Hi and thanks in advance, new to python and pandas.
I have a df column
df['name']
, this large data consists of product names all with different lengths,letters, numbers, punctuation and spacing. This makes each name a unique value this makes it hard to find variants of some of the products.I then split the column values by spacing.
df['name'].str.split(" ",expand = True)
I Found some code in this Question but I dont know how to apply it to iterate and compare through a list as its using variables and 2 list and I just have one list. How can I compare two lists in python and return matches?
Not the most efficient one, but by far the most obvious way to do it is:
a = [1, 2, 3, 4, 5]
b = [9, 8, 7, 6, 5]
set(a) & set(b)
{5}
if order is significant you can do it with list comprehensions like this:
[i for i, j in zip(a, b) if i == j]
[5]
- What im trying to achieve is:
data set
1.star t-shirt-large-red
2.star t-shirt-large-blue
3.star t-shirt-small-red
4.beautiful rainbow skirt small
5.long maxwell logan jeans- light blue -32L-28W
6.long maxwell logan jeans- Dark blue -32L-28W
-compare all items in the list against each other and find the longest string match. Example: products:1,2,3 have matching partial strings
result
COL1 COL2 COL3 COL4
1[star t-shirt] [large] [red] NONE
2[star t-shirt] [large] [blue] NONE
3[star t-shirt] [small] [red] NONE
4[beautiful rainbow skirt small] NONE NONE NONE
5[long maxwell logan jeans] [light blue] [32L] [28W]
6[long maxwell logan jeans] [Dark blue] [32L] [28W]

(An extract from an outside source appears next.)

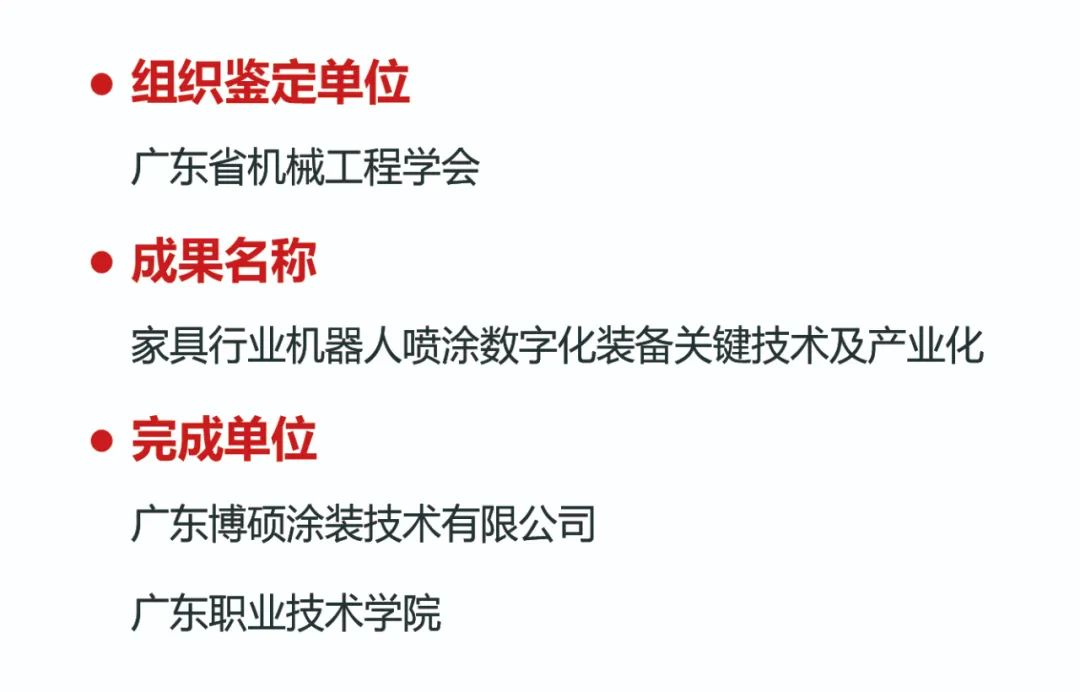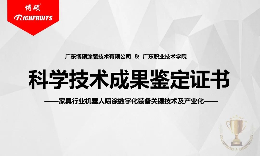 熱烈祝賀博碩“家具行業(yè)機(jī)器人噴涂數(shù)字化裝備關(guān)鍵技術(shù)及產(chǎn)業(yè)化”項(xiàng)目成果達(dá)到國際先進(jìn)水平通過科技成果鑒定!
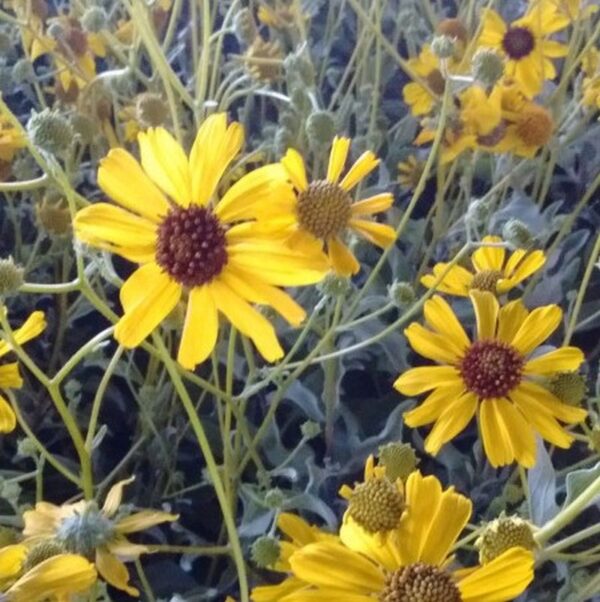 This versatile Southern Nevada native reaches 3 x 3 feet with yellow flowers in spring; a must for any dry area. Plant in full sun, well drained soil, deep infrequent water once established. No feeling needed; reseeds readily.

Can anyone point me in the right direction in how to achieve my end result. I researched about modules like fuzzywuzzy and diffilab but don't know how to apply it also regex but im not sure how I would achieve string matching in a list with so many different formats? Please when responding can you explain it step by step so I can understand what your doing and why. Just for learning purposes Thank you in advance again.